(Input)
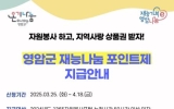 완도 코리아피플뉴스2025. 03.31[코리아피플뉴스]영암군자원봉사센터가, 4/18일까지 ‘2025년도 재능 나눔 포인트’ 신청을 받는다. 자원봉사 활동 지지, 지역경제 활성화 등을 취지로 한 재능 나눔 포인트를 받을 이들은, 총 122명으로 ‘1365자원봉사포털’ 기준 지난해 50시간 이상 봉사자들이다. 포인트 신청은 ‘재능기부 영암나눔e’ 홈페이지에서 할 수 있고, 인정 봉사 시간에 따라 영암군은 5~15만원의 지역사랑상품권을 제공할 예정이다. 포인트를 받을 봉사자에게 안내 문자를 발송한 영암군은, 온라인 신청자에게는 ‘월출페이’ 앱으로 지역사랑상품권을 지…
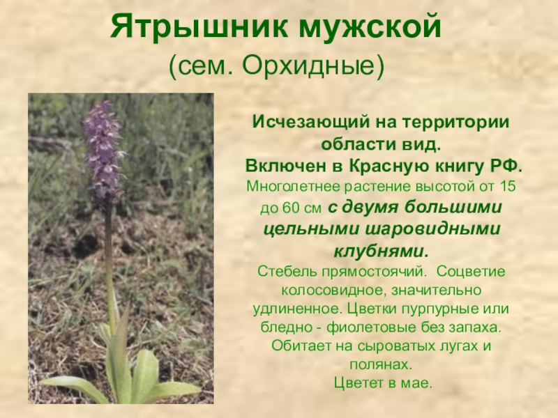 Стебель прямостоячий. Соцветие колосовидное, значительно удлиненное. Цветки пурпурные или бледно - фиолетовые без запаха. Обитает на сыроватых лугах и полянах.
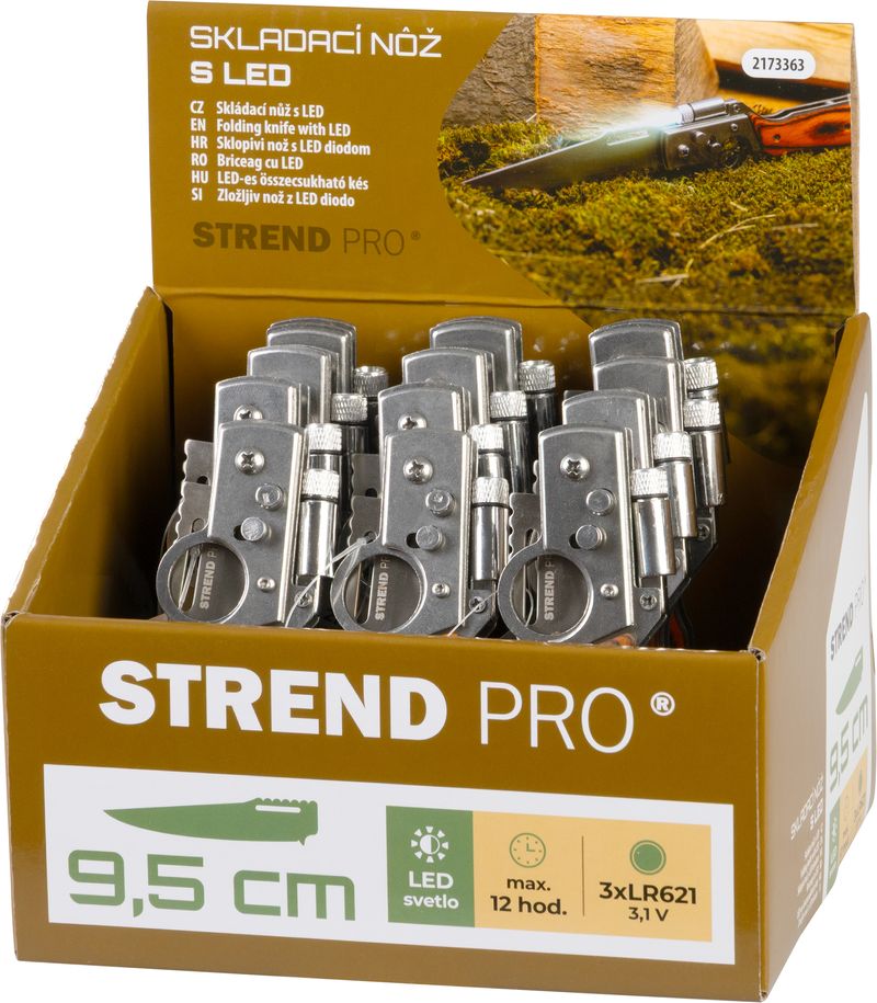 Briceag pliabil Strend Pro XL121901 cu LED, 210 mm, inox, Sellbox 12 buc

...

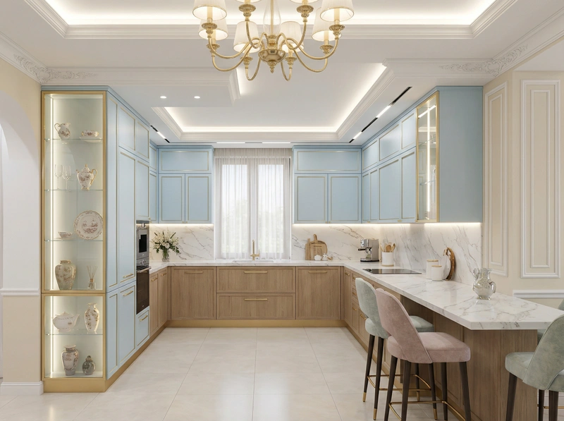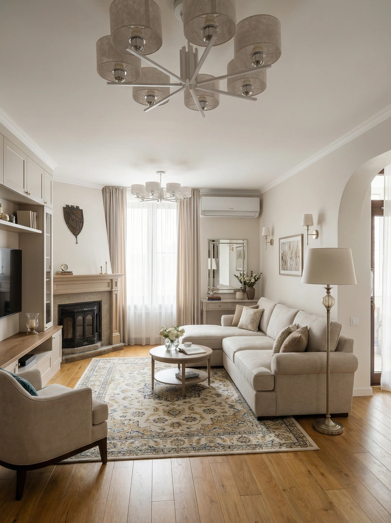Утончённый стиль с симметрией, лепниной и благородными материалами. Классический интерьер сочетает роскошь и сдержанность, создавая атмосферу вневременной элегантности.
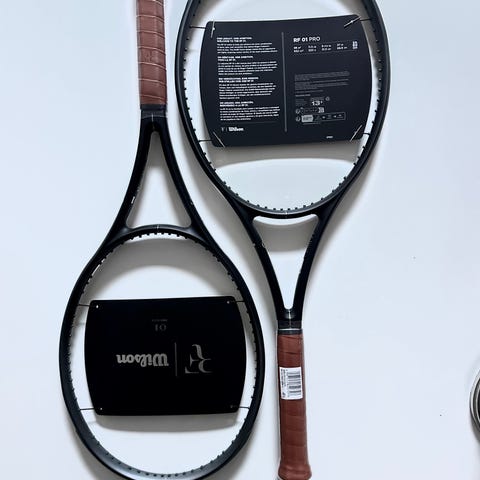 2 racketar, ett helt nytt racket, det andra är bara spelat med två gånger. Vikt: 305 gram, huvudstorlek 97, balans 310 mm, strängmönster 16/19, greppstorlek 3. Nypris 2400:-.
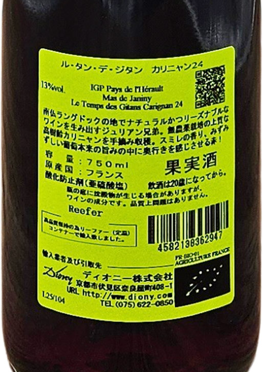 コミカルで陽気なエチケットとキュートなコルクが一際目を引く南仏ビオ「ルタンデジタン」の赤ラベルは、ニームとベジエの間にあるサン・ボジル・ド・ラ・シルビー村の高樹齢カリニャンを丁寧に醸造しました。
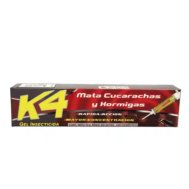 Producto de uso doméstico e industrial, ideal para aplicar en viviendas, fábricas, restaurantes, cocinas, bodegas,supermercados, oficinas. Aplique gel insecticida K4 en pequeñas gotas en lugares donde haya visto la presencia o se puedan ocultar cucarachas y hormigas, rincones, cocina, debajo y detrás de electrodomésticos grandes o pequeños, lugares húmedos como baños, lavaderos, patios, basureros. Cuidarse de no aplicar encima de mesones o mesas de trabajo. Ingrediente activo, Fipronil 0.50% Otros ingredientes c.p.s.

---

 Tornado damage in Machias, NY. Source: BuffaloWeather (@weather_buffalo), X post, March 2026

(Your objective) Within the listing above, find the line containing "완도 코리아피플뉴스2025. 03.31[코리아피플뉴스]영암군자원봉사센터가, 4/18일까지" and the line containing "Briceag pliabil Strend". Transcribe them and everything between them exactly, leaving out the pictures.

(Task answer)
 완도 코리아피플뉴스2025. 03.31[코리아피플뉴스]영암군자원봉사센터가, 4/18일까지 ‘2025년도 재능 나눔 포인트’ 신청을 받는다. 자원봉사 활동 지지, 지역경제 활성화 등을 취지로 한 재능 나눔 포인트를 받을 이들은, 총 122명으로 ‘1365자원봉사포털’ 기준 지난해 50시간 이상 봉사자들이다. 포인트 신청은 ‘재능기부 영암나눔e’ 홈페이지에서 할 수 있고, 인정 봉사 시간에 따라 영암군은 5~15만원의 지역사랑상품권을 제공할 예정이다. 포인트를 받을 봉사자에게 안내 문자를 발송한 영암군은, 온라인 신청자에게는 ‘월출페이’ 앱으로 지역사랑상품권을 지…
 Стебель прямостоячий. Соцветие колосовидное, значительно удлиненное. Цветки пурпурные или бледно - фиолетовые без запаха. Обитает на сыроватых лугах и полянах.
 Briceag pliabil Strend Pro XL121901 cu LED, 210 mm, inox, Sellbox 12 buc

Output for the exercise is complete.